WORK TASK
For the data that follows, print the line with "Envie um cartão", the line with "Pure Titanium Business", and all lines between them, exactly as they stand. Omit pictures and add nothing.

Collected data entries
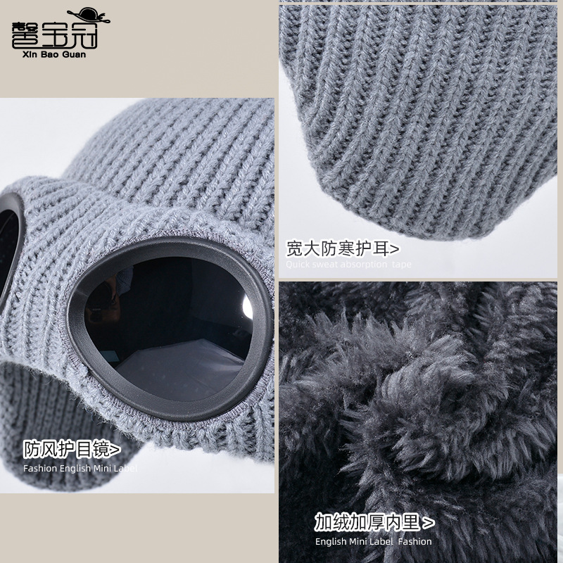 2163跨境儿童帽子围脖两件套冬季加绒护耳毛线帽带眼镜针织套头帽
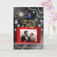 Envie um cartão elegante de Aniversário de Casamento para seu cônjuge ou amigos com essa Dourada Seda Negra e embelezada com ouro e padrão de brilho e decoração de Natal. Adicione duas fotos.
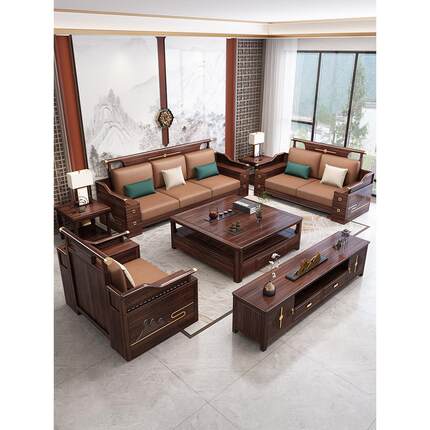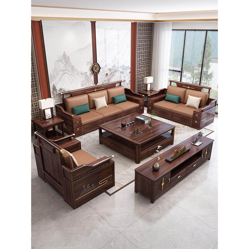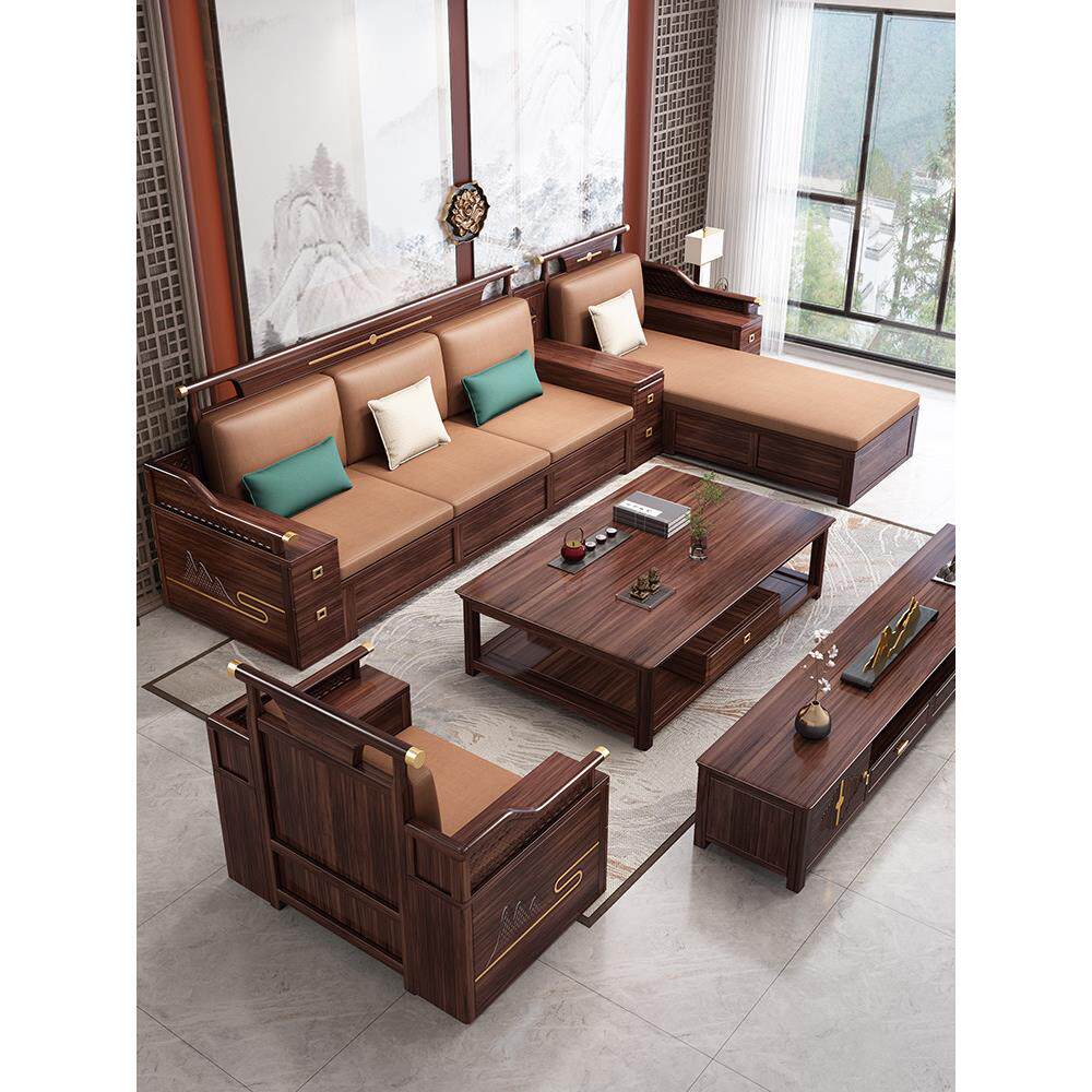 新中式乌木实木沙发客厅冬夏两用别墅轻奢家具大小公寓木沙发
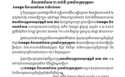 ក្រសួងមហាផ្ទៃនៃព្រះរាជាណាចក្រកម្ពុជា តាមរយៈបណ្តាញសង្គម នៅថ្ងៃទី២៩ ខែកញ្ញា ឆ្នាំ២០២៥ បានបង្ហោះផ្សាយនូវខ្លឹមសារដូចខាងក្រោម៖
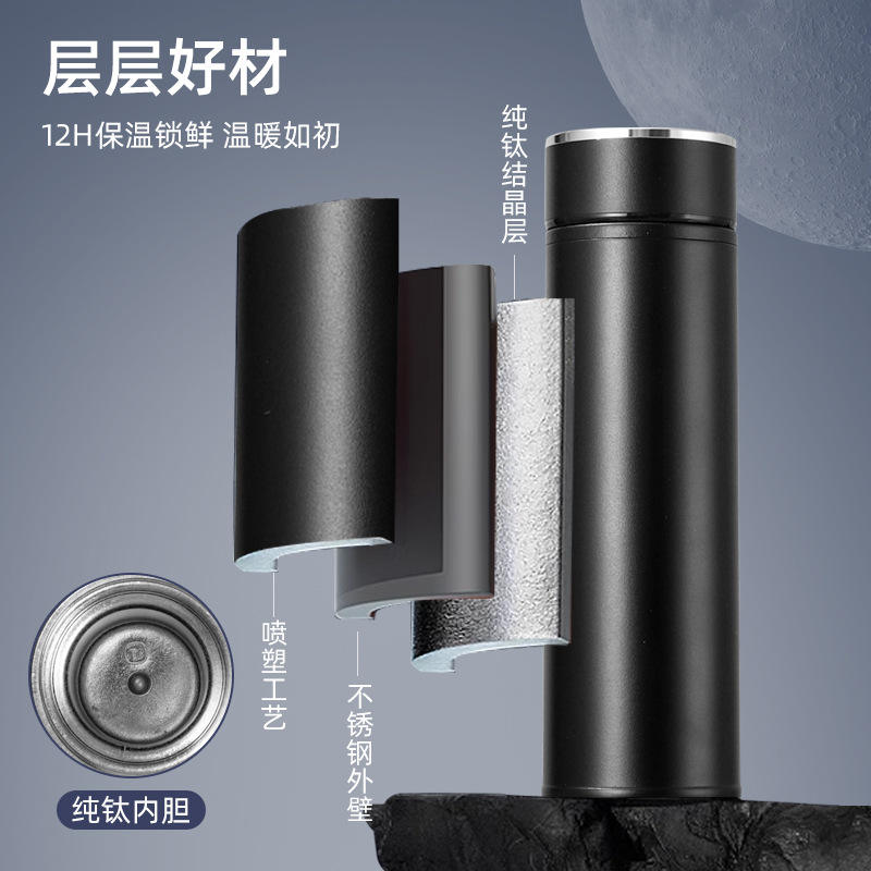 Pure Titanium Business Thermos Cup 480Ml Vacuum Straight Body Gift Water Bottle Customizable For Office Use
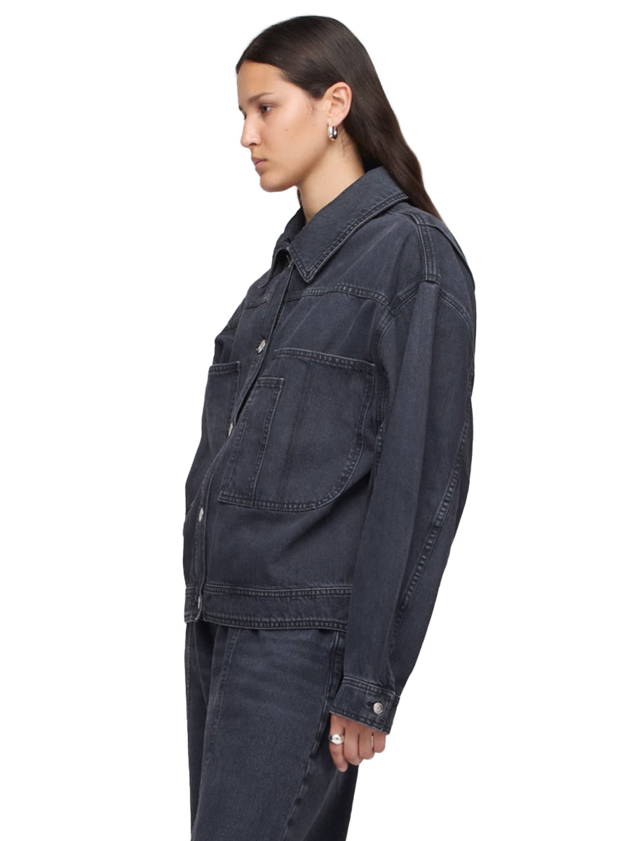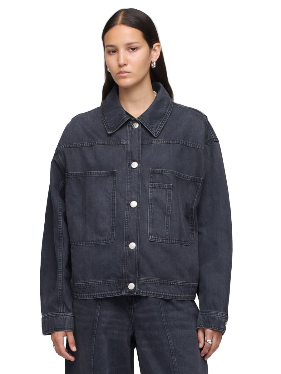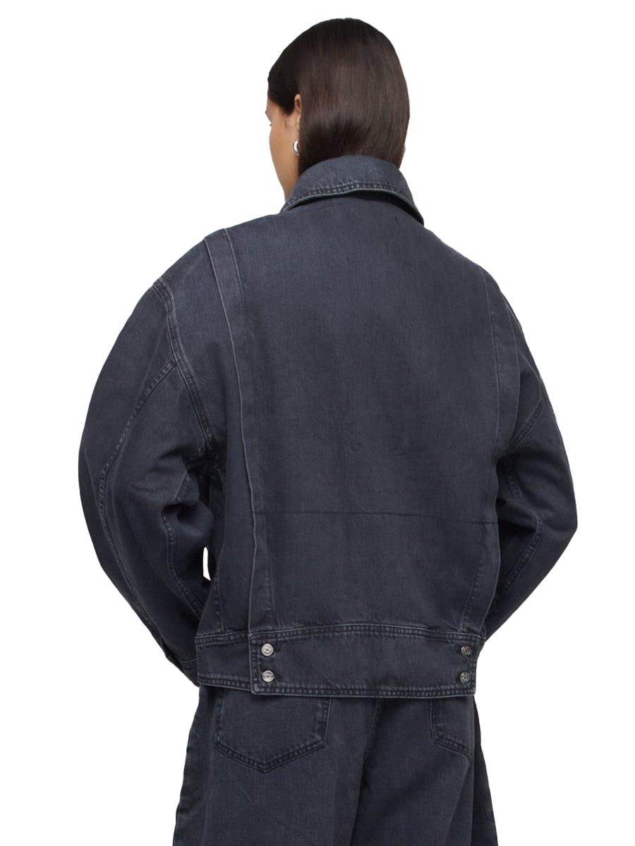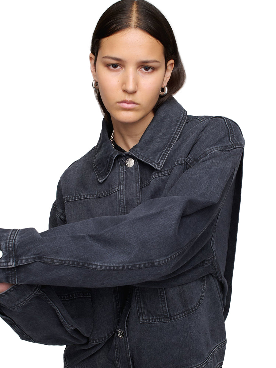 Oversized denim jacket with exaggerated workwear-inspired details
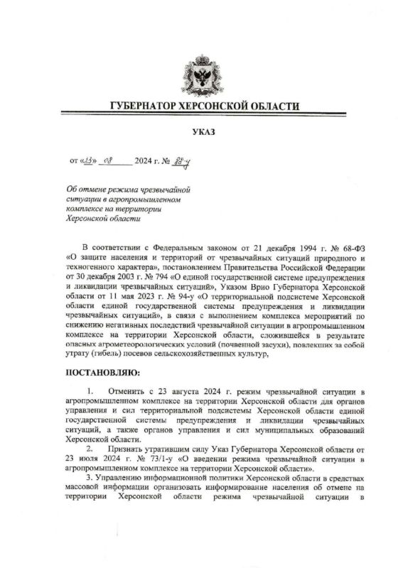 Отмена чрезвычайной ситуации в АПКРежим ЧС в агропромышленном комплексе отменен с 23 августаУказом Губернатора Херсонской области "Об отмене режима чрезвычайной ситуации в агропромышленном комплексе на территории Херсонской области" от...
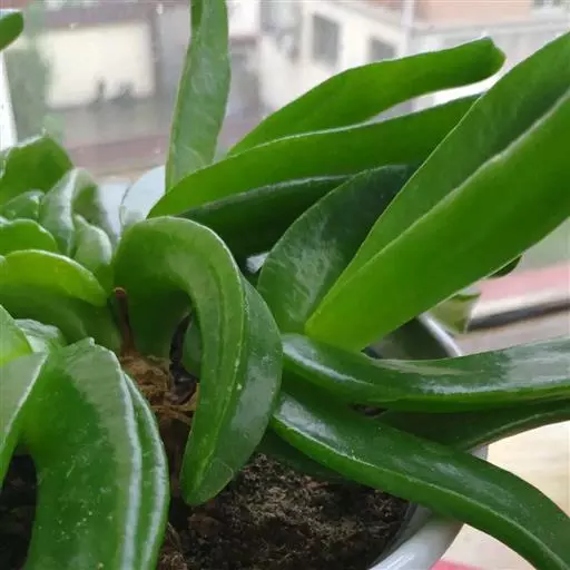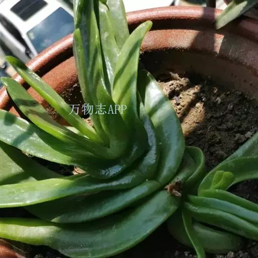 佛手掌为番杏科舌叶花属多肉类植物,学名为Glottiphyllumuncatum,因其肉质叶长6-12厘米,末端呈舌状稍卷曲,叶色鲜绿,叶面光洁透明,叶片紧抱轮生于短茎上,酷似佛手状而得名。

SOLUTION TO THIS TASK
 Envie um cartão elegante de Aniversário de Casamento para seu cônjuge ou amigos com essa Dourada Seda Negra e embelezada com ouro e padrão de brilho e decoração de Natal. Adicione duas fotos.
 新中式乌木实木沙发客厅冬夏两用别墅轻奢家具大小公寓木沙发
 ក្រសួងមហាផ្ទៃនៃព្រះរាជាណាចក្រកម្ពុជា តាមរយៈបណ្តាញសង្គម នៅថ្ងៃទី២៩ ខែកញ្ញា ឆ្នាំ២០២៥ បានបង្ហោះផ្សាយនូវខ្លឹមសារដូចខាងក្រោម៖
 Pure Titanium Business Thermos Cup 480Ml Vacuum Straight Body Gift Water Bottle Customizable For Office Use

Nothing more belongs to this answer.